- **ABOUT THIS EXERCISE**:
The finished copy should match every record exactly and contain no pictures.

━━━ INFORMATION ━━━

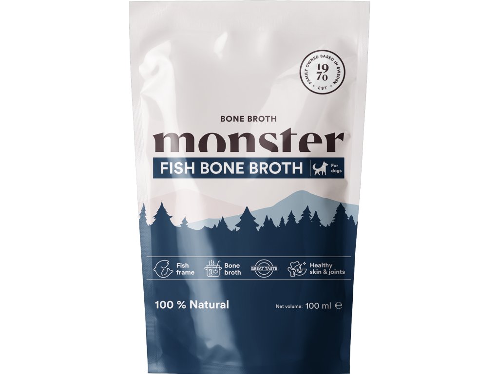 Monster Dog Vývar – rybí (100 ml) je lehký a dobře stravitelný doplněk stravy pro psy všech plemen. Vyráběný pomalým vařením ryb, díky čemuž si zachovává přirozenou chuť a cenné živiny.
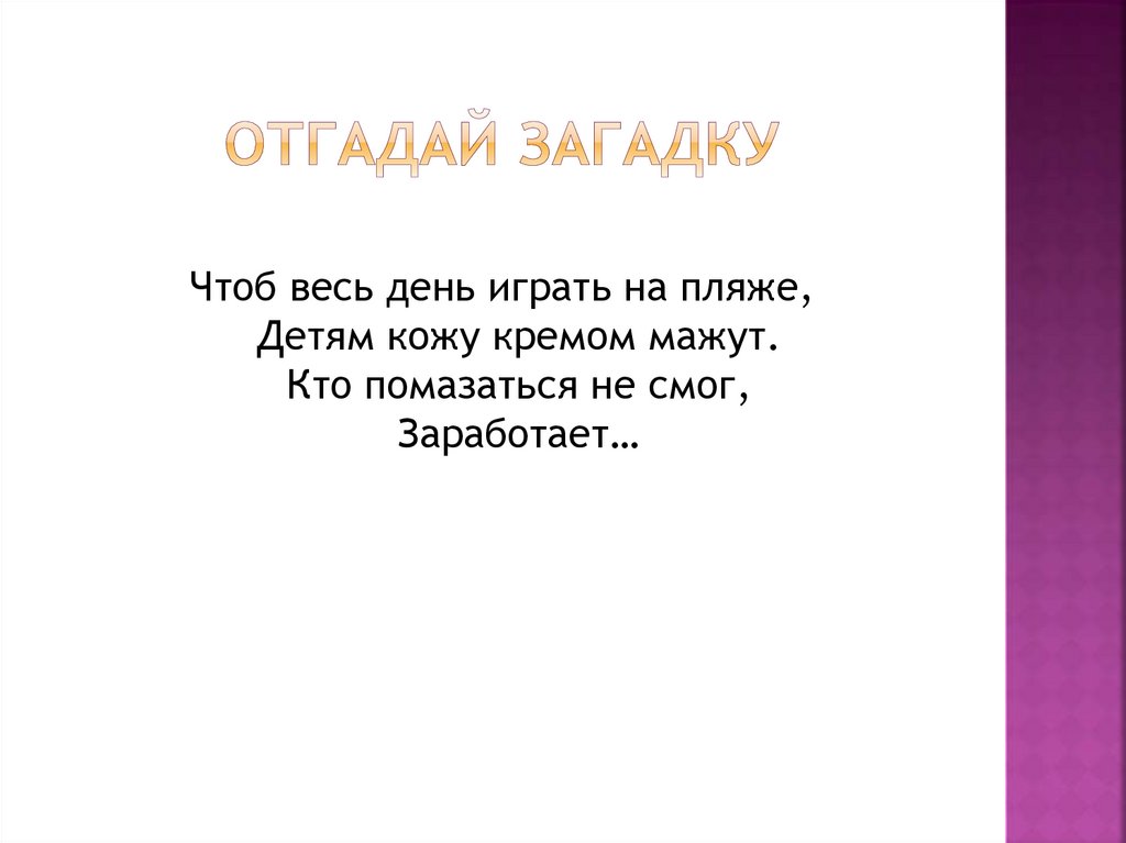 Чтоб весь день играть на пляже,Детям кожу кремом мажут.
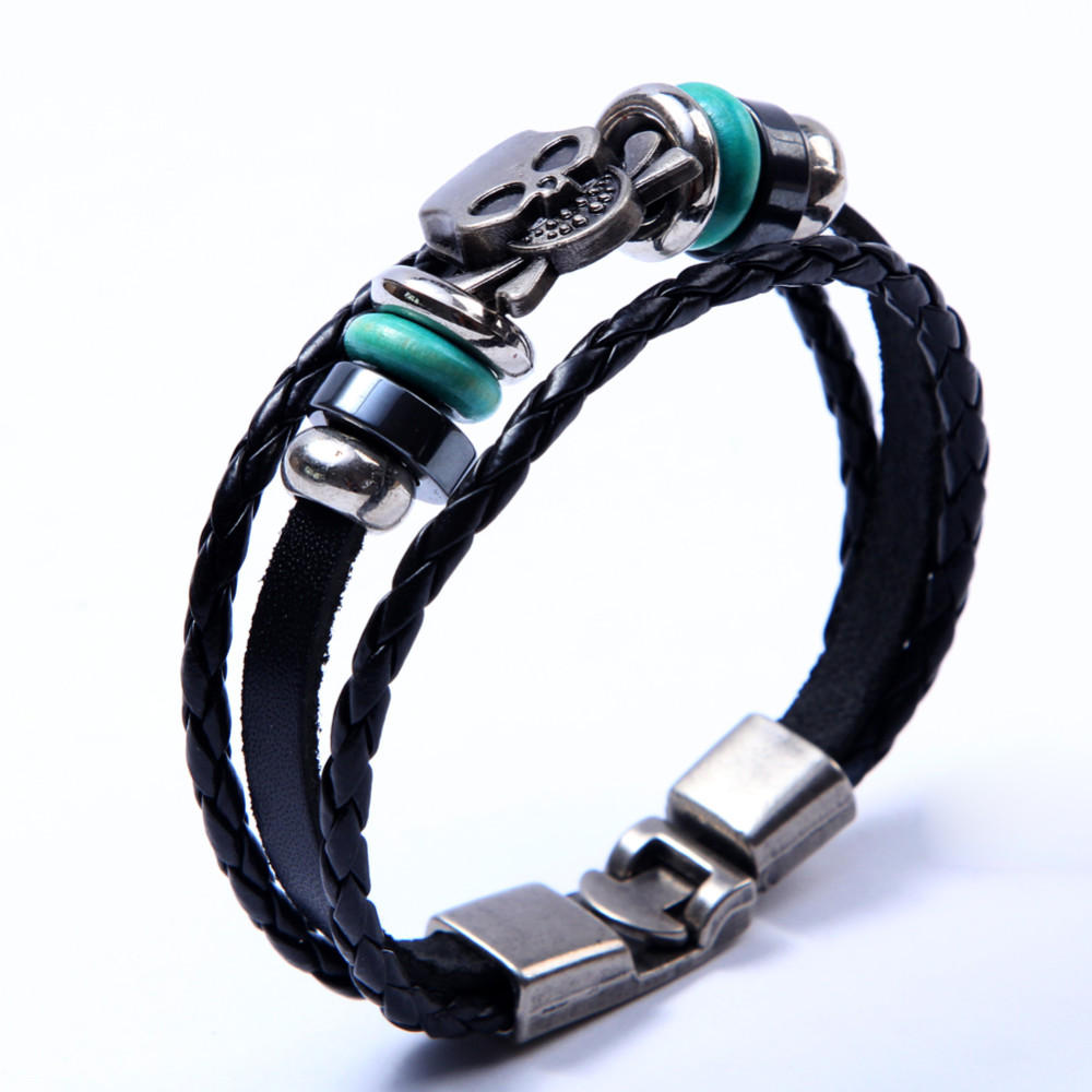 Bratara din piele si inox se asorteaza tinutelor urban si casual. Aceasta este compusa din mai multe straturi negre din piele cu pietre si are amuleta in forma de cap de schelet.
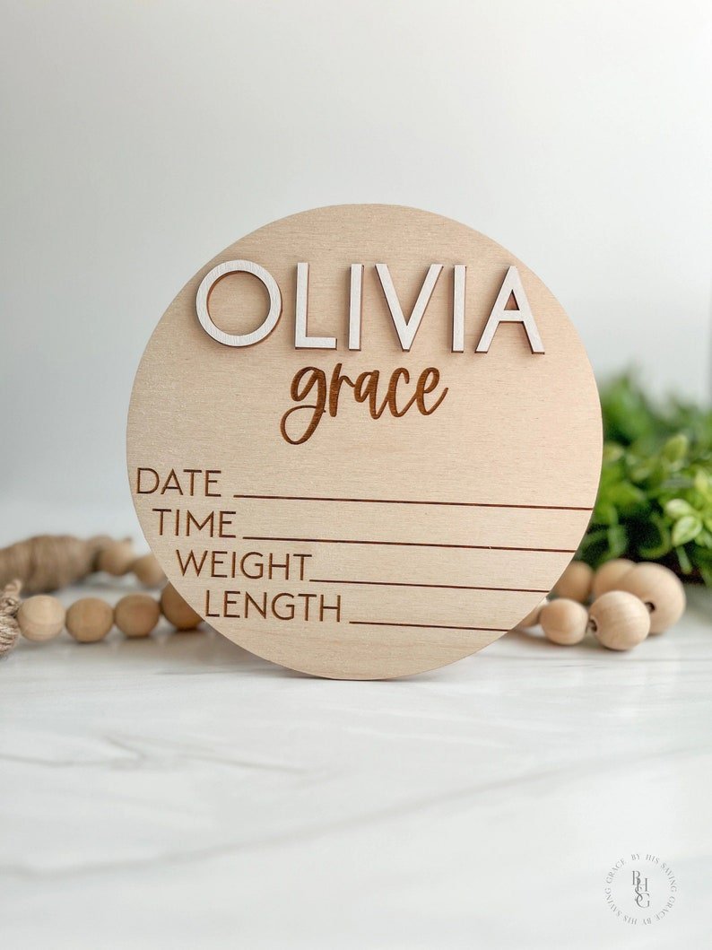 Our Baby Announcement Sign With Birth Stats | Wood Sign for Name Reveal is the perfect way to introduce your newborn to family and friends. Crafted from premium wood and designed with love, this custom disc includes your baby’s name, date of birth, weight, and length, making it an unforgettable keepsake. Ideal for hospital photos, nursery décor, or social media announcements, this wooden sign beautifully captures the joy of welcoming your newest family member.
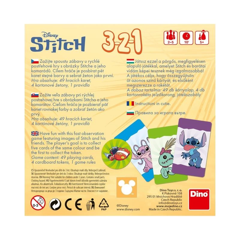 Suchen Sie ein schnelles und leicht verständliches Spiel für unterwegs? Das Reisespiel 3-2-1 STITCH bringt farbenfrohen Spaß mit den beliebten Helden STITCH und Angel. Ziel ist es, so schnell wie möglich fünf Karten derselben Farbe zu sammeln und die Mitspieler zu überholen.
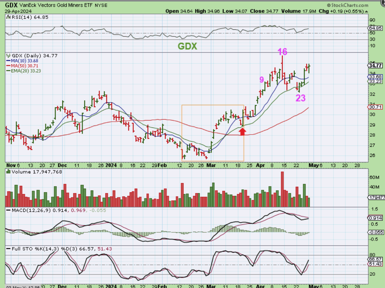 GDX has a day 23 low. COULD THAT be a dcl? Well, it could and it actually started to look like one last week when Miners suddenly started to run higher. This count is clear with a day 23 low and a bullish surge higher last week, but because Gold & Silver can drag Miners around, we need to be cautious. I do want to show you one final thing, just so you do understand how much of a mixed set up we have here…
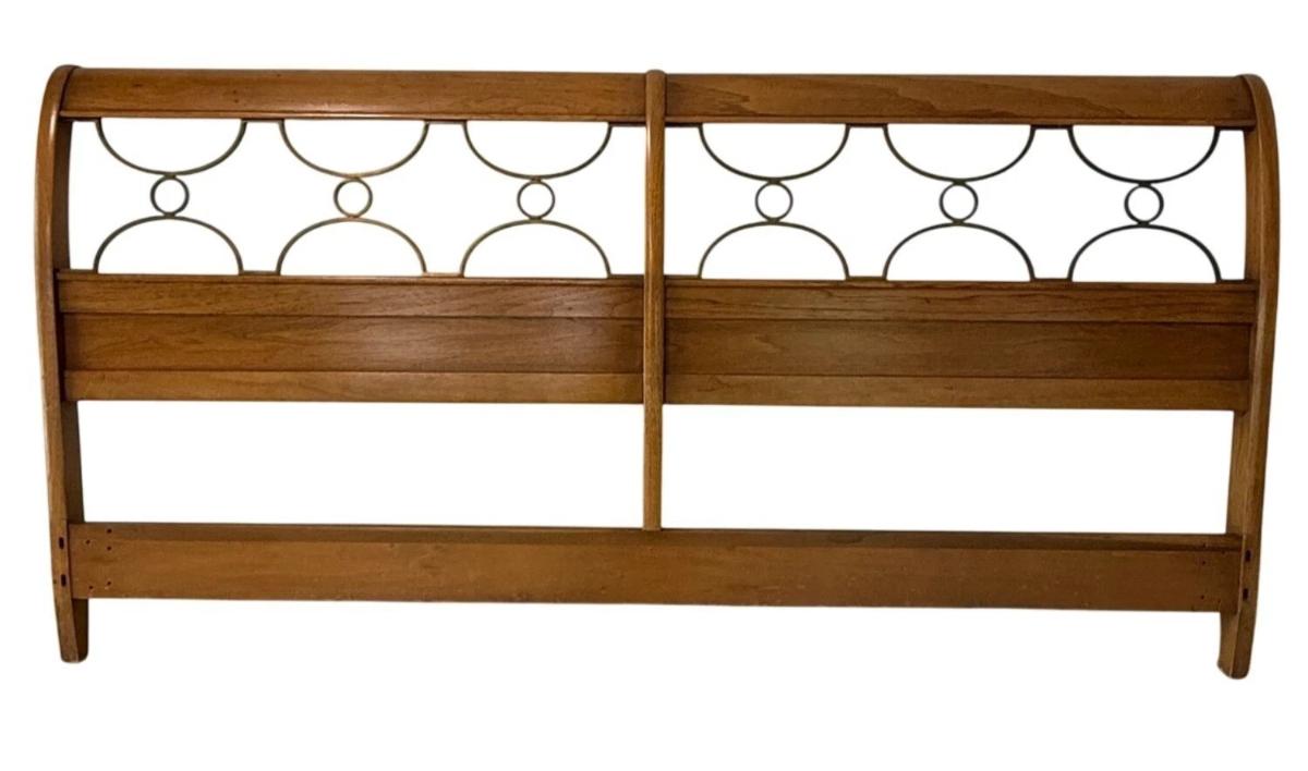 Vintage Thomlinson Mid Century Modern King Size Wood & Metal Inset Headboard 78" x 2" x 39.5"
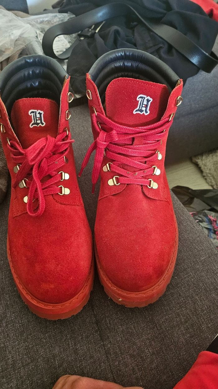 Boots homme rouge Tommy Hilfiger Très agreable à porter Tres peu porté Couleur rouge Taille : 45
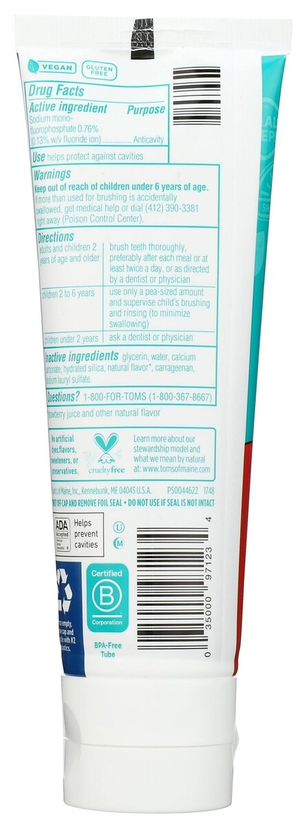 Expiration Date of 5/2027 ? WHAT YOU'LL GET: One 5.1-ounce tube of Tom's of Maine Kid's fluoride toothpaste in the Original Silly Strawberry Flavor ? ADA APPROVED: Contains fluoride for anticavity protection, and calcium and silica to gently clean teeth ? TASTE THEY LOVE: You asked. We listened. Tom?s Natural Kid's Toothpaste back in original formula! This natural kids toothpaste comes in a fun, fruity flavor to help develop brushing habits ? RECYCLABLE TUBE: Once empty, replace cap and recycle with #2 plastics ? NATURAL RESPONSIBLE: Contains no artificial preservatives, colors or flavors and is not tested on animals
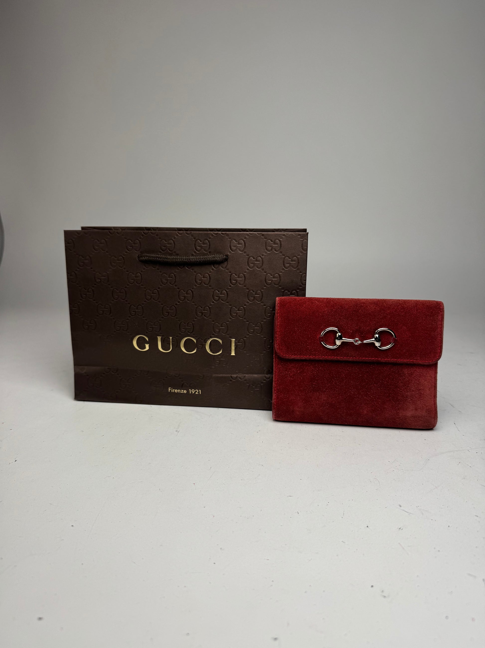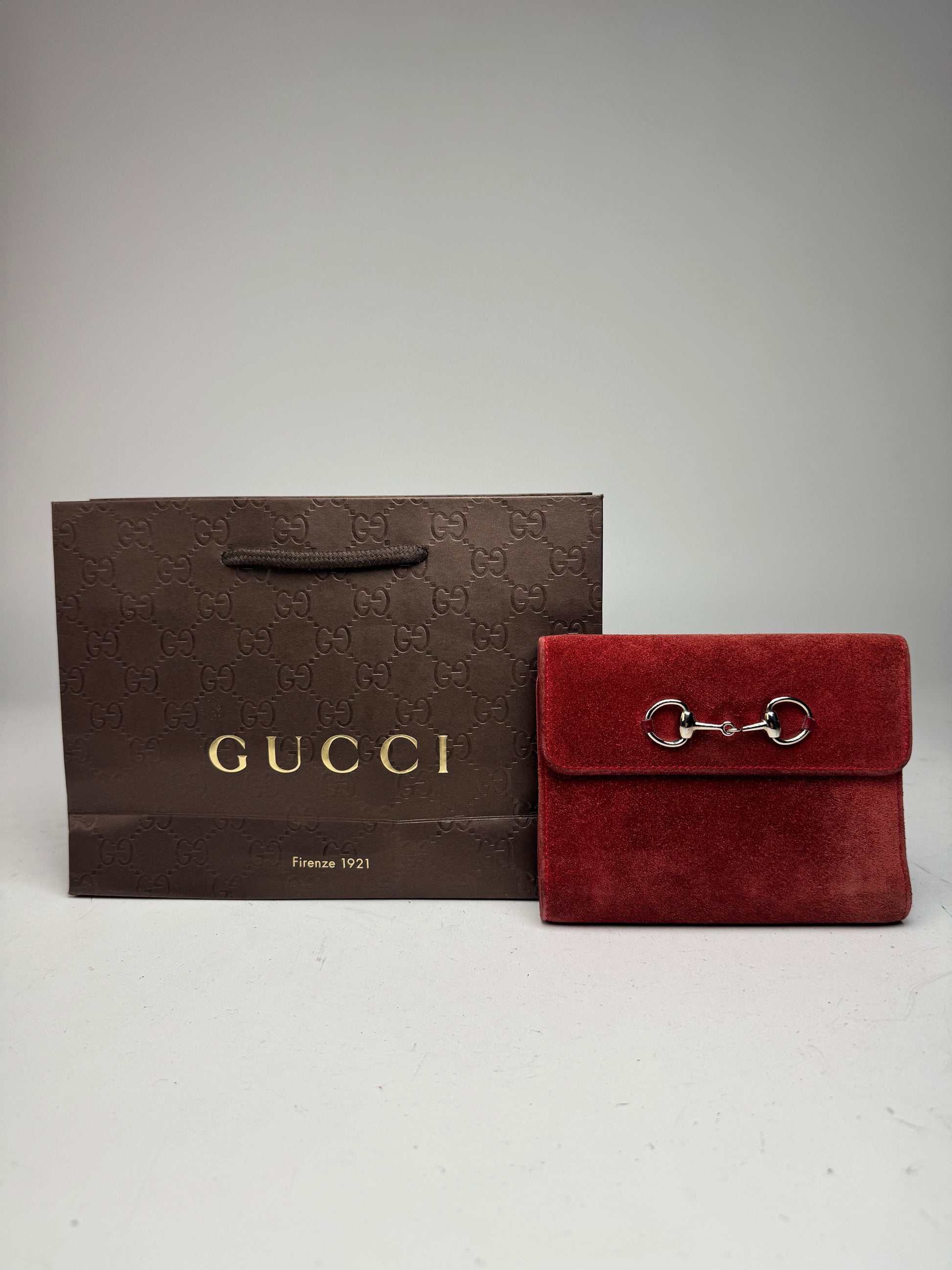 Vintage Gucci Suede & Patent Leather Horsebit Organizer / Wallet Red
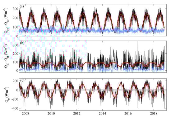 To assess changes in air–sea heat exchanges, we calculated the net heat flux from the ocean to the atmosphere (Q0), which is given by the sum of four components: QE, the latent heat flux; QH, the sensible heat flux; Qlw, the net longwave radiation flux; and Qsw, the net shortwave radiation flux (solar radiation) (Figure 2). Qlw and Qsw (radiative heat fluxes) can be obtained from the NCEP/NCAR reanalysis data set [] as daily values with a spatial resolution of 1.9° × 1.9°. QE and QH (turbulent heat fluxes) can be computed from atmospheric and oceanic AGL buoy measurements using the so-called bulk formulae (see [] for further information). In this case, we used the Fairall algorithm [], which is one of the most popular algorithms based on the bulk formulae, to compute turbulent heat fluxes from AGL buoy data.
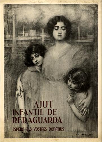 CASAS, R. AJUT INFANTIL A RERAGUARDA. 1937. 73x53cm. (28,8x21in.). Litografía. A-.
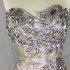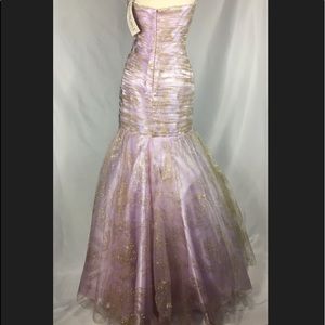 💜 So elegant light lilac and gold strapless sweetheart neck gown size 8
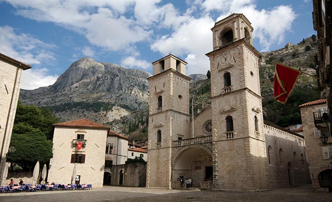 Кафедральный собор в готическом стиле с двумя башнями-колокольнями был построен в честь Святого Трифона, который является покровителя города Котор.

━━━

- **TASK SOLUTION**:
 Monster Dog Vývar – rybí (100 ml) je lehký a dobře stravitelný doplněk stravy pro psy všech plemen. Vyráběný pomalým vařením ryb, díky čemuž si zachovává přirozenou chuť a cenné živiny.
 Чтоб весь день играть на пляже,Детям кожу кремом мажут.
 Bratara din piele si inox se asorteaza tinutelor urban si casual. Aceasta este compusa din mai multe straturi negre din piele cu pietre si are amuleta in forma de cap de schelet.
 Our Baby Announcement Sign With Birth Stats | Wood Sign for Name Reveal is the perfect way to introduce your newborn to family and friends. Crafted from premium wood and designed with love, this custom disc includes your baby’s name, date of birth, weight, and length, making it an unforgettable keepsake. Ideal for hospital photos, nursery décor, or social media announcements, this wooden sign beautifully captures the joy of welcoming your newest family member.
 Suchen Sie ein schnelles und leicht verständliches Spiel für unterwegs? Das Reisespiel 3-2-1 STITCH bringt farbenfrohen Spaß mit den beliebten Helden STITCH und Angel. Ziel ist es, so schnell wie möglich fünf Karten derselben Farbe zu sammeln und die Mitspieler zu überholen.
 GDX has a day 23 low. COULD THAT be a dcl? Well, it could and it actually started to look like one last week when Miners suddenly started to run higher. This count is clear with a day 23 low and a bullish surge higher last week, but because Gold & Silver can drag Miners around, we need to be cautious. I do want to show you one final thing, just so you do understand how much of a mixed set up we have here…
 Vintage Thomlinson Mid Century Modern King Size Wood & Metal Inset Headboard 78" x 2" x 39.5"
 Boots homme rouge Tommy Hilfiger Très agreable à porter Tres peu porté Couleur rouge Taille : 45
 Expiration Date of 5/2027 ? WHAT YOU'LL GET: One 5.1-ounce tube of Tom's of Maine Kid's fluoride toothpaste in the Original Silly Strawberry Flavor ? ADA APPROVED: Contains fluoride for anticavity protection, and calcium and silica to gently clean teeth ? TASTE THEY LOVE: You asked. We listened. Tom?s Natural Kid's Toothpaste back in original formula! This natural kids toothpaste comes in a fun, fruity flavor to help develop brushing habits ? RECYCLABLE TUBE: Once empty, replace cap and recycle with #2 plastics ? NATURAL RESPONSIBLE: Contains no artificial preservatives, colors or flavors and is not tested on animals
 Vintage Gucci Suede & Patent Leather Horsebit Organizer / Wallet Red
 To assess changes in air–sea heat exchanges, we calculated the net heat flux from the ocean to the atmosphere (Q0), which is given by the sum of four components: QE, the latent heat flux; QH, the sensible heat flux; Qlw, the net longwave radiation flux; and Qsw, the net shortwave radiation flux (solar radiation) (Figure 2). Qlw and Qsw (radiative heat fluxes) can be obtained from the NCEP/NCAR reanalysis data set [] as daily values with a spatial resolution of 1.9° × 1.9°. QE and QH (turbulent heat fluxes) can be computed from atmospheric and oceanic AGL buoy measurements using the so-called bulk formulae (see [] for further information). In this case, we used the Fairall algorithm [], which is one of the most popular algorithms based on the bulk formulae, to compute turbulent heat fluxes from AGL buoy data.
 CASAS, R. AJUT INFANTIL A RERAGUARDA. 1937. 73x53cm. (28,8x21in.). Litografía. A-.
 💜 So elegant light lilac and gold strapless sweetheart neck gown size 8
 Кафедральный собор в готическом стиле с двумя башнями-колокольнями был построен в честь Святого Трифона, который является покровителя города Котор.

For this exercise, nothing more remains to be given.